Key facts relating to Alan Ayckbourn's A Word From Our Sponsor.
  • A Word From Our Sponsor is Alan Ayckbourn's 49th play.
  • The world premiere was held at the Stephen Joseph Theatre In The Round, Scarborough, on 20 April 1995.
  • It was the final new Ayckbourn play to be staged at the Stephen Joseph Theatre In The Round prior to its move in April 1996 to the company's new home, the Stephen Joseph Theatre.
  • It was the final production Alan Ayckbourn directed in the round at the venue which had been home to the company since 1976. It was also his penultimate production at the Stephen Joseph Theatre In The Round as he would also direct Harold Pinter's Betrayal in the end-stage Studio Theatre in August 1995.
  • A Word From Our Sponsor was written with the composer John Pattison and it was their second full-length musical together following Dreams From A Summer House (1992).
  • The idea for A Word From Our Sponsor was conceived at least as early as 1993, but not as a musical. Unable to make its more 'exotic' elements work, Alan later realised the solution was to add music to it.
  • It is one of Alan Ayckbourn's plays set in a dystopian future where civilisation is, to all intents and purposes, collapsing. It follows in the footsteps of Henceforward… and Communicating Doors.
  • Following its world premiere production, the play immediately transferred to Chichester Festival Theatre - the first such collaboration between the venue and the Stephen Joseph Theatre. The two venues would also work together in 2012 on the co-production of Alan Ayckbourn's Surprises.
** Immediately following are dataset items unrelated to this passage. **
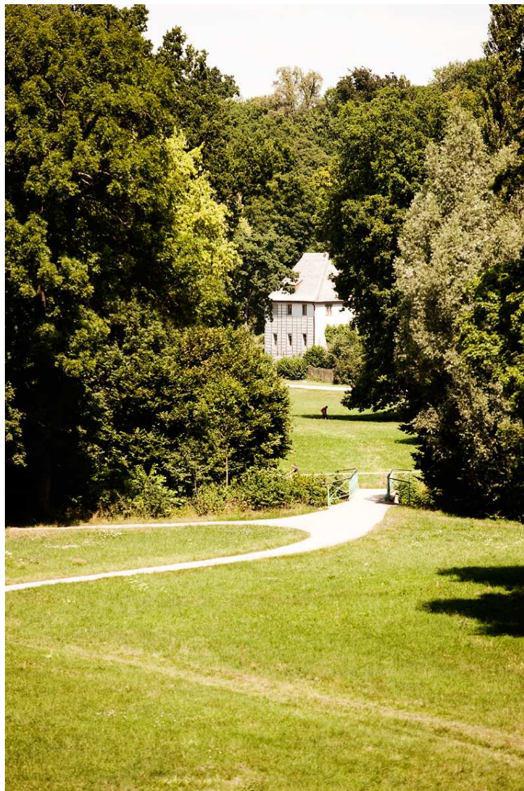
Abb. 6: Johann Wolfgang von Goethe – Gartenfreund und Gartengestalter Sein Gartenhaus im Park an der Ilm

sichtbare Geist, der Geist die sichtbare Natur sein“ ( Schelling , Ideen zu einer Philosophie der Natur, 1797, LXIV). Diese Ideen haben auch das Naturverständnis in unserem Elternhaus geprägt. Goethe , das wurde uns vermittelt, hatte erkannt, dass man nichts wirklich erkennen kann, wenn man ihm nicht irgendwie zugehört, wenn man Natur nicht in ganzheitlicher Anschauung erfasst, denn es ist „ jede Creatur nur ein Ton eine Schattirung einer großen Harmonie, die man auch im ganzen und großen studiren muss sonst ist jedes Einzelne ein tochter Buchstabe “ ( Goethe WA IV 6, 389f). Goethes Entdeckung des Zwischenkieferknochens 1784 (mit J. C. Loder , zuvor aber schon 1780 von Felix Vicq d'Azyr entdeckt), ließ ihn den Menschen als Teil einer Evolution sehen, stellte ihn damit voll in die Natur: „ Du führst die Reihe der Lebendigen / Vor mir vorbei und lehrst mich meine Brüder / Im stillen Busch, in Luft und Wasser kennen “ ( Faust , 3225). Der Mensch steht in der „ Reihe der Lebendigen “ und er „ kennt sich nur selbst, in sofern er die Welt kennt, die er nur in sich und sich in ihr gewahr wird. Jeder neue Gegenstand, wohl beschaut, schließt ein neues Organ in uns auf “ ( Goethe 1923 LA I 9, 307f; vgl. Eckermann 29. 1. 1826). Natur , unsere eigene zumal, „ hat weder Kern noch Schale, Alles ist sie mit einemale “ ( Goethe 1820, Unwilliger Ausruf LA I 9, 223).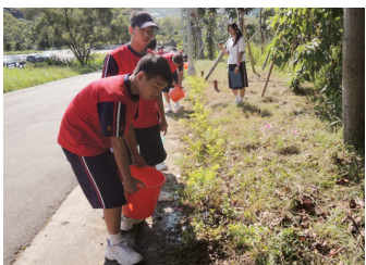
動手做做看綠籬種植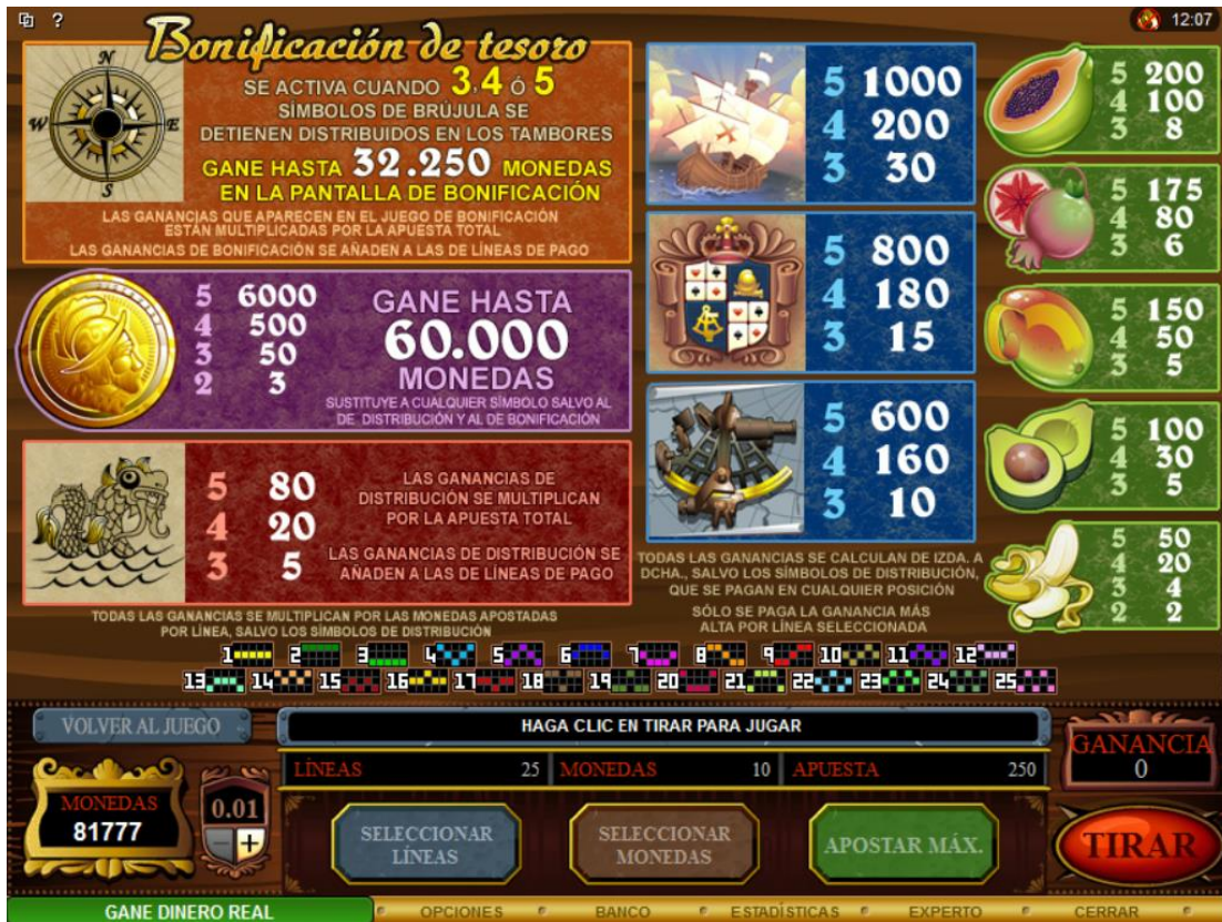
Tabla de premios 1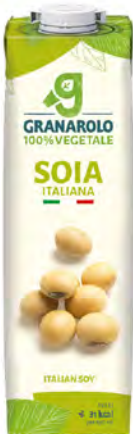
Soya Cont. Net.: 1L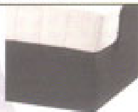
Sommier - Noir Contours - Noir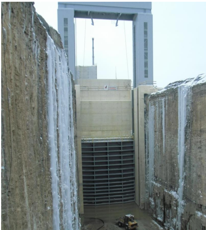
Abbildung 2-4: Auslaufbauwerk vor dem Fluten

Nördlich des Auslaufkanals befindet sich die Flügelmauer des PGS-Stausees mit 6 Turbinen in einem Abstand von ca. 280 m zur Felsbarriere. Das in weniger als 350 m Entfernung zur Felsbarriere bereits installierte Tafelschütz stellte aber das kritische Schutzobjekt dar.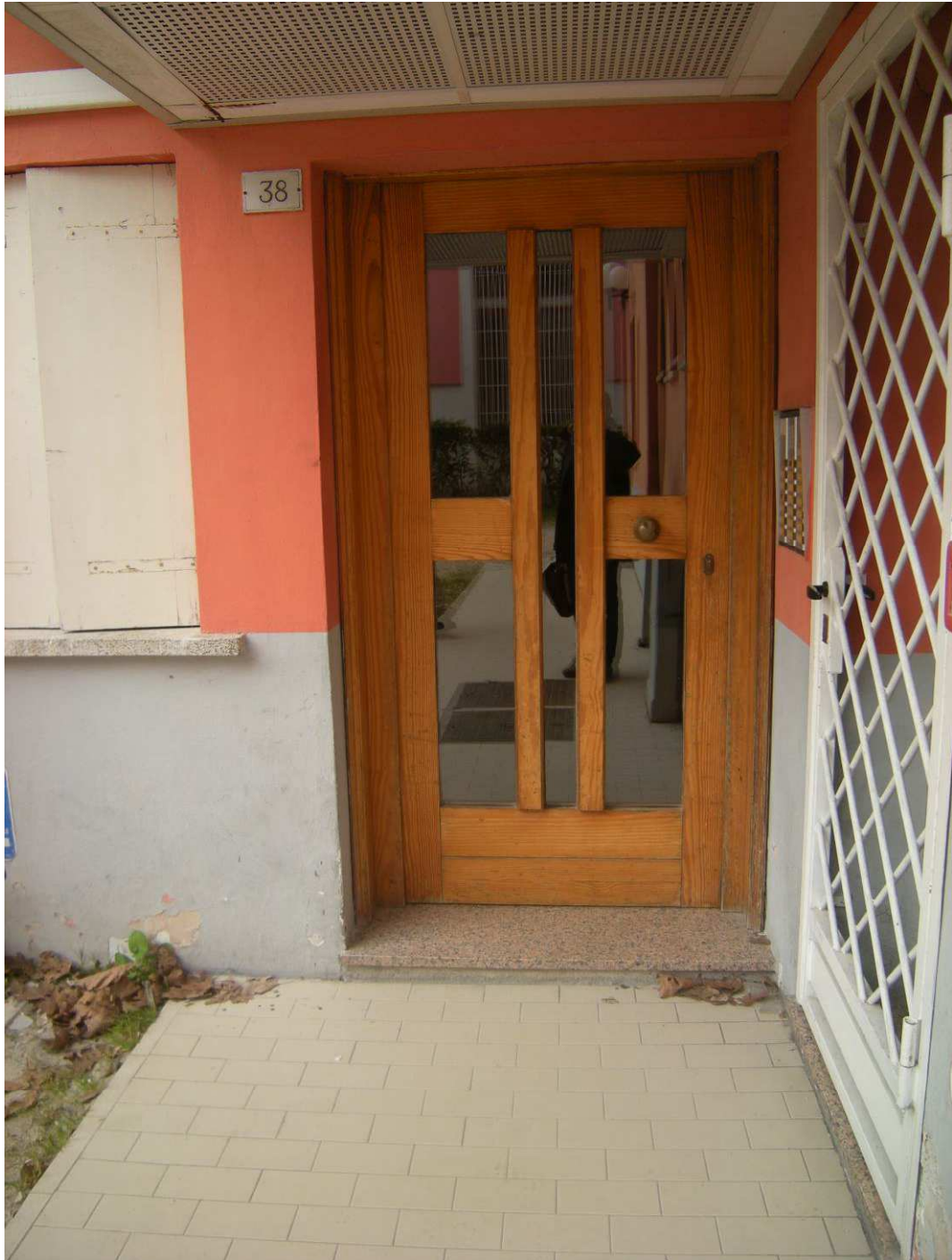
Bibione, via Atlante n. 38 – L'ingresso della palazzina.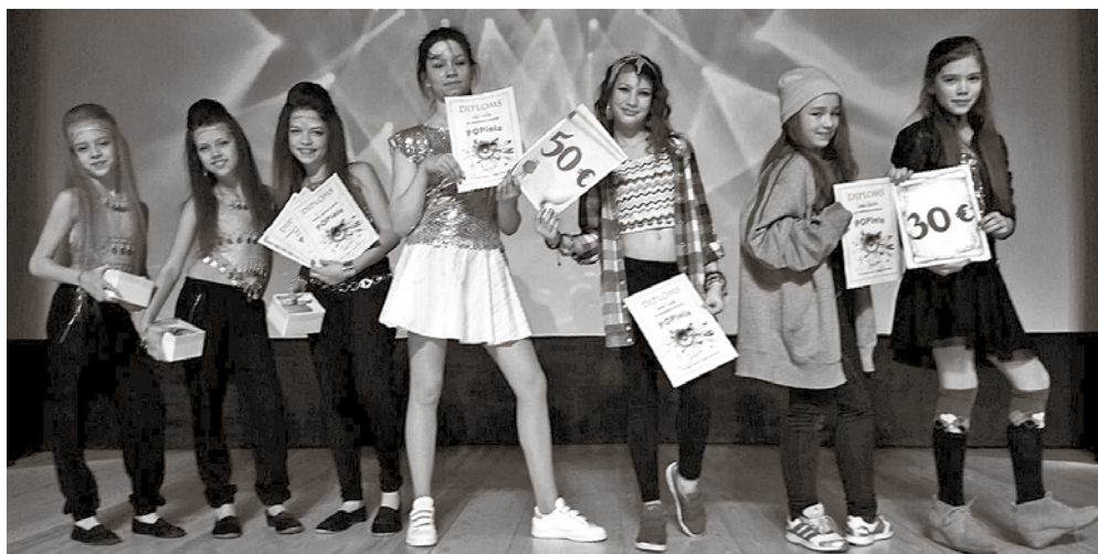
1.–3. vietu ieguvēji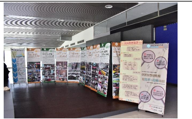
說明：會場外宣導布置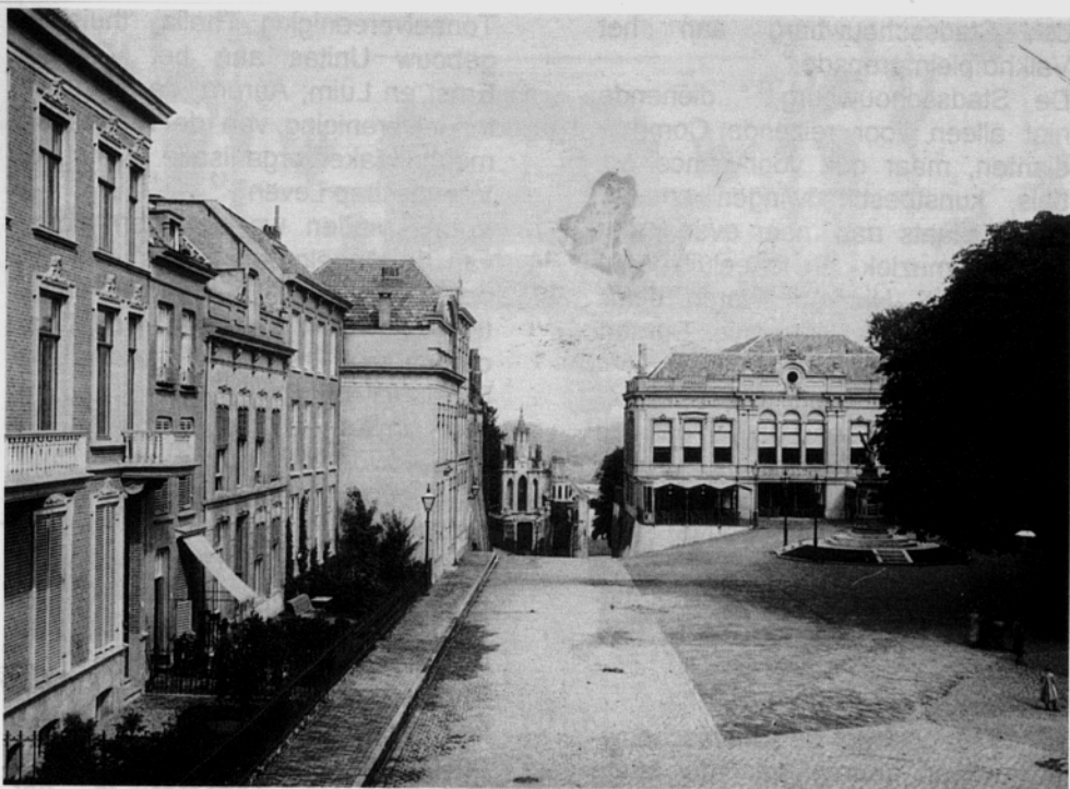
Valkhofplein ca. 1890 (foto W. Ivens) uit collectie Gemeentearchief Nijmegen. Rechts Sociëteit Burgerlust, later Unitas. Alleen het Spoorwegmonument bestaat nog.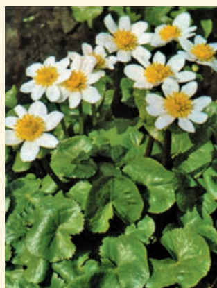
Калужница болотная ‘Alba’ Калужница болотная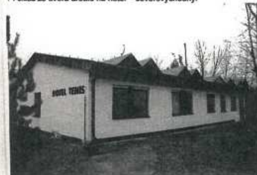
▼ Pohľad zo dvora areálu na hotel - severovýchodný.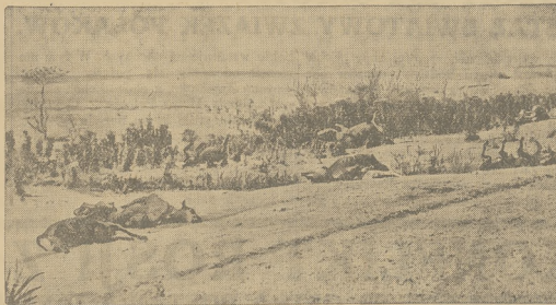
W Stanach Zjednoczonych spowodu upałów było pada masowo.

niezdzielny spędza w kłobowisku ludzkim w halasie nawoływaj, śmiechów i okrzyków, który zgłuszają szum morza. Ale Nowojorczycy, powracający w niedzielę wieczorem swym autem, które stanowią tylko male ogniewo w obrzamyim lańcuchu innych aut, jest zupełnie zakłopotany. Gaczy podają najeźrzyt koloralne cyfry wycieczkowiczów na plażach a wysoki cyfry budzą szumek w każdym Nowojorczyku.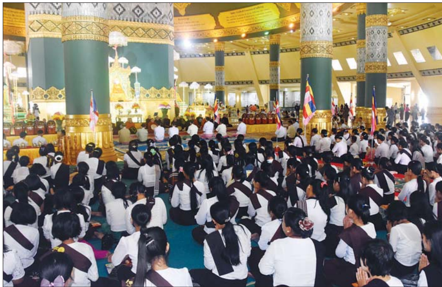
ယမန်နှစ် တန်ဆောင်မုန်းလပြည့်နေ့က နေပြည်တော် ဥပုတသန္တိစေတီတော်၌ ဝတ်ရွတ်ဖတ်ပူဇော်နေစဉ်။

ကျီးမန်းပွဲ ဖြစ်ခဲ့ပုံကတော့ ရှေးအခါက ယောက်ျားသားများ ရှင်လိင်ပြန်ကြတဲ့အခါ ဆေးမင်ကြောင်ထိုးတဲ့ ဓလေ့ဟာ အထင်အရှားရှိခဲ့ပါတယ်။ ရှင်ဘုရင်မှ အစချီကာ မင်းညီမင်းသား၊ များမတ်သူကြွယ်များ၊ ကုန်သည်၊ လယ်လုပ်၊ သူရင်းငှားများ စတဲ့ ယောက်ျားသားတိုင်းဟာ ဆေးမင်ထိုးကြလေ့ရှိတယ်လို့ ဆိုပါတယ်။ ဒီလိုထိုးတဲ့အခါ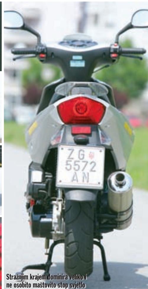
Iako ga pokreće agregat od 125 ccm, po gabaritima je BT 125 T više nalik skuterima od 50 ccm

  • The play practically ends with the vicar, Harry, telling Valda "And - get thee behind me, all right?" This is a reference to the quote "Get thee behind me, Satan" found in the Bible in Luke chapter 4, verses 5 - 8 ("And Jesus answered and said unto him, Get thee behind me, Satan: for it is written, Thou shalt worship the Lord thy God, and him only shalt thou serve.") and Matthew chapter 16, verse 23 ("But he turned, and said unto Peter, Get thee behind me, Satan: thou art an offence unto me: for thou savourest not the things that be of God, but those that be of men.").
  • Sadly, the play was over-shadowed by the tragic death of the actress Sophie Winter just prior to its final performance in Scarborough. Although it was later published and released for performance, it is a play Alan Ayckbourn believes he will never return to or revive.